Factors of the Fusarium verticillioides-maize environment modulating fumonisin production.

Fumonisins are mycotoxins mainly produced by two Fusarium species: F. verticillioides and F. proliferatum. These toxins are of great concern due to their widespread contamination in maize and their adverse effects on animal and human health. In the past decade, progress was made in identifying the genes required for fumonisin biosynthesis. Additionally, molecular mechanisms involved in the regulation of fumonisin production have been very recently elucidated. By covering the latest advances concerning the factors modulating fumonisin production, this review aims at presenting an integrated approach of the overall mechanisms involved in the regulation of fumonisin biosynthesis during maize kernel colonization.

Maize kernel antioxidants and their potential involvement in Fusarium ear rot resistance.

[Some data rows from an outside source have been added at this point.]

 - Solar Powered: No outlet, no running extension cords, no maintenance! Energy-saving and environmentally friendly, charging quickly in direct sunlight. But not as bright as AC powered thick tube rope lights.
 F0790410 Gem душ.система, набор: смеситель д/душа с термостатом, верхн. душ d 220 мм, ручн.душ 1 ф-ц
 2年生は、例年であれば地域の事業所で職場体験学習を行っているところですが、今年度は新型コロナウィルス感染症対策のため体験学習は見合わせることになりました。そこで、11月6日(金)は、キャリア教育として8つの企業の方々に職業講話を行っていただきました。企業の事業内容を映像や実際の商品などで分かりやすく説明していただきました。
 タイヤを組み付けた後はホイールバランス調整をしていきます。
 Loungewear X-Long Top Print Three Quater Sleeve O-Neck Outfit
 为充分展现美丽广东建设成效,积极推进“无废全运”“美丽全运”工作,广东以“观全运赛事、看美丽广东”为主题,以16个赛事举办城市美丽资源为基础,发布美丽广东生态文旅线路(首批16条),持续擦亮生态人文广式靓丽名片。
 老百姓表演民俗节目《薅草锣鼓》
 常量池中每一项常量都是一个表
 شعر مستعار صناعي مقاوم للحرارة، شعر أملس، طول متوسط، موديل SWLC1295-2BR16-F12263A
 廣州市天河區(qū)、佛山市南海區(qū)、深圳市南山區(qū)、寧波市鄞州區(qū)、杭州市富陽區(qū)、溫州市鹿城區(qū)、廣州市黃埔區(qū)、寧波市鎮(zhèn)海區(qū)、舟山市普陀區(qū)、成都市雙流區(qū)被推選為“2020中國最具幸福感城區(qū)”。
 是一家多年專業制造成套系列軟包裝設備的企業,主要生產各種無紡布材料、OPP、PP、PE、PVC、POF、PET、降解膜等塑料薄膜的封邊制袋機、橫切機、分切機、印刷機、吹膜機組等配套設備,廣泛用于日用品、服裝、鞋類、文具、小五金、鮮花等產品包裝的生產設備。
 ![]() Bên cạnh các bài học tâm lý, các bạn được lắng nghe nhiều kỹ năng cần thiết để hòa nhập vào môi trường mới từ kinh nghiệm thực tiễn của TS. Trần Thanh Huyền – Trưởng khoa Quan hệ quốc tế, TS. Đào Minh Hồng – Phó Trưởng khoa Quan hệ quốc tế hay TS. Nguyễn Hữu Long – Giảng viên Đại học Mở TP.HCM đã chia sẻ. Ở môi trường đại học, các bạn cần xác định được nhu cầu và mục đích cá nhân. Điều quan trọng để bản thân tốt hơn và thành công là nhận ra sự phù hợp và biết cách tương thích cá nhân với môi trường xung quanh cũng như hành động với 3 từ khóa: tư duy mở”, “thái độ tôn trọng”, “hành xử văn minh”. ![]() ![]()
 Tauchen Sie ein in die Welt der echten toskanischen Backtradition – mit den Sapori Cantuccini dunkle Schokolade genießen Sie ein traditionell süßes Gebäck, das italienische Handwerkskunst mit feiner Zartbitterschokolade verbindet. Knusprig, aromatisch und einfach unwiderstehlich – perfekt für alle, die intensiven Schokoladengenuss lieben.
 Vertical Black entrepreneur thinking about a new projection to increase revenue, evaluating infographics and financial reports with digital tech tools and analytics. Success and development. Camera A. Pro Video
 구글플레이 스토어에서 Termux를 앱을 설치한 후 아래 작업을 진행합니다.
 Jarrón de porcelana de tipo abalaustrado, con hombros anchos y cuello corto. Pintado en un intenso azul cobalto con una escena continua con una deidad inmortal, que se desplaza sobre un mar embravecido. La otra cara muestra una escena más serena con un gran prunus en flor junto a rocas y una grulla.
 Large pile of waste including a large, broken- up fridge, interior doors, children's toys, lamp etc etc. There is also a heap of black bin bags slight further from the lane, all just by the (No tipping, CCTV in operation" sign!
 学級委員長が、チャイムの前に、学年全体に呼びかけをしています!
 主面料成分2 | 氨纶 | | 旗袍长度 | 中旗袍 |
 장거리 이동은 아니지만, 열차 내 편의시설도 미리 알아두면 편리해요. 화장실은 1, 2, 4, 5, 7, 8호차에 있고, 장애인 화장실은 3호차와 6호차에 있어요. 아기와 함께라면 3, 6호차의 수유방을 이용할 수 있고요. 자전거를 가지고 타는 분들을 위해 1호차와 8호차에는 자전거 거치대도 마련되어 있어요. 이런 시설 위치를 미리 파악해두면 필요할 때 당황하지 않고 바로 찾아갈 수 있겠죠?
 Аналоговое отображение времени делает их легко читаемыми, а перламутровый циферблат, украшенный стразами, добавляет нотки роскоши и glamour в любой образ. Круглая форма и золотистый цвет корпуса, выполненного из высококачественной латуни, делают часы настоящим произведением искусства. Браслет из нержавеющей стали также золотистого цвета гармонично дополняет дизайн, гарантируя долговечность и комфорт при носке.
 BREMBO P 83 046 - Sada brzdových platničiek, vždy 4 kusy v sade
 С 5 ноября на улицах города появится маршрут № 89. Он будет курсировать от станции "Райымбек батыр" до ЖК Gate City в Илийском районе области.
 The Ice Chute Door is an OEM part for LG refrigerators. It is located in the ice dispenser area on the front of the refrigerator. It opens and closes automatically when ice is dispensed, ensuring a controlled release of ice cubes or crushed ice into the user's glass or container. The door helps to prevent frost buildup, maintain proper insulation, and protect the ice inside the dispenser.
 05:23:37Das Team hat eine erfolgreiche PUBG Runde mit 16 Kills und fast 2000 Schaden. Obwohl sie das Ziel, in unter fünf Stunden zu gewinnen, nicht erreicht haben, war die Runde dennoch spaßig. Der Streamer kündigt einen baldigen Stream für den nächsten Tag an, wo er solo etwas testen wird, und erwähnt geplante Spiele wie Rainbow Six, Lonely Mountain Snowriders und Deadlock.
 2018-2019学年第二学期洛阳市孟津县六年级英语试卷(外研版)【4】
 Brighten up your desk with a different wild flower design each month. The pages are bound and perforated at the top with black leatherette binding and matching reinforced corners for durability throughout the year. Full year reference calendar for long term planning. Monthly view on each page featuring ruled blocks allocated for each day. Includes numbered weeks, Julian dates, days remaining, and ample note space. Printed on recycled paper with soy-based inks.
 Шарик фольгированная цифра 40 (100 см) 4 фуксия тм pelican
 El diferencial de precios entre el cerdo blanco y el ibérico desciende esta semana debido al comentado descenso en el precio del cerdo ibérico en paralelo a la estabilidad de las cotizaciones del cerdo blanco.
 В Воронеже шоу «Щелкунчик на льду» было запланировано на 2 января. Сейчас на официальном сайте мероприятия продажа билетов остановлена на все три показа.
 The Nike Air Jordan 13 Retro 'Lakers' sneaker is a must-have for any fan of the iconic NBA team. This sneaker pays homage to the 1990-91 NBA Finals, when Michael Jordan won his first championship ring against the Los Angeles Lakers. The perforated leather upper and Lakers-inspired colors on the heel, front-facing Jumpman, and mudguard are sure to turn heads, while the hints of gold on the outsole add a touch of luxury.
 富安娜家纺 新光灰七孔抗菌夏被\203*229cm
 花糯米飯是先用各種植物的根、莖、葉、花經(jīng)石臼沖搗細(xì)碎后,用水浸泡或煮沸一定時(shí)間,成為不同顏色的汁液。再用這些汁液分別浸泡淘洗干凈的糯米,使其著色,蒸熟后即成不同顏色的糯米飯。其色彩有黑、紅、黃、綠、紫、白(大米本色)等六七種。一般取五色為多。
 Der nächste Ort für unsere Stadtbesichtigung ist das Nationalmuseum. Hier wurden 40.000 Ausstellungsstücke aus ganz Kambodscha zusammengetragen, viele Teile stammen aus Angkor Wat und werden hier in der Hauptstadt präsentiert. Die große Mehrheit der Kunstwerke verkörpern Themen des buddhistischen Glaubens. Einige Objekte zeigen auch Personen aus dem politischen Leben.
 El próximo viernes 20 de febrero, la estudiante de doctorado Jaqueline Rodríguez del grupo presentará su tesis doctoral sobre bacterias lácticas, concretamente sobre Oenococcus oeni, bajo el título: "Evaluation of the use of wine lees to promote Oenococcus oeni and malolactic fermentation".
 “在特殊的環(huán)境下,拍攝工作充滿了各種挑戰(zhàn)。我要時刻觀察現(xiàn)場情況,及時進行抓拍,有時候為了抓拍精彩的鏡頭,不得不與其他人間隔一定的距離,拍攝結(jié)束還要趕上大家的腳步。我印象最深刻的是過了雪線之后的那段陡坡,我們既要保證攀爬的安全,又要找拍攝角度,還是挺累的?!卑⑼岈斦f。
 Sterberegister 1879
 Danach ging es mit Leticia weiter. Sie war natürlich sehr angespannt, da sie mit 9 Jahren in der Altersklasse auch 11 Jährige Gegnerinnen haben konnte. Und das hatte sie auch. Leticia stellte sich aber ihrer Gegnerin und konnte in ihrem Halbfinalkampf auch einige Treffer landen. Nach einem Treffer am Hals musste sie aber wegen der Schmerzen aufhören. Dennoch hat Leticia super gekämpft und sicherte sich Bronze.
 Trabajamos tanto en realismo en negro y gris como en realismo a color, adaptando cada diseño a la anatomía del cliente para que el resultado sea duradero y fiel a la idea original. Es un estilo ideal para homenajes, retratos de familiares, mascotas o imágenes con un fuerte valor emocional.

The potential involvement of antioxidants (α-tocopherol, lutein, zeaxanthin, ß-carotene, and ferulic acid) in the resistance of maize varieties to Fusarium ear rot was the focus of this study. These antioxidants were present in all maize kernel stages, indicating that the fumonisin-producing fungi (mainly Fusarium verticillioides and Fusarium proliferatum ) are likely to face them during ear colonization. The effect of these compounds on fumonisin biosynthesis was studied in F. verticillioides liquid cultures. In carotenoid-treated cultures, no inhibitory effect of fumonisin accumulation was observed while a potent inhibitory activity was obtained for sublethal doses of α-tocopherol (0.1 mM) and ferulic acid (1 mM). Using a set of genotypes with moderate to high susceptibility to Fusarium ear rot, ferulic acid was significantly lower in immature kernels of the very susceptible group. Such a relation was nonexistent for tocopherols and carotenoids. Also, ferulic acid in immature kernels ranged from 3 to 8.5 mg/g, i.e., at levels consistent with the in vitro inhibitory concentration. Overall, our data support the fact that ferulic acid may contribute to resistance to Fusarium ear rot and/or fumonisin accumulation.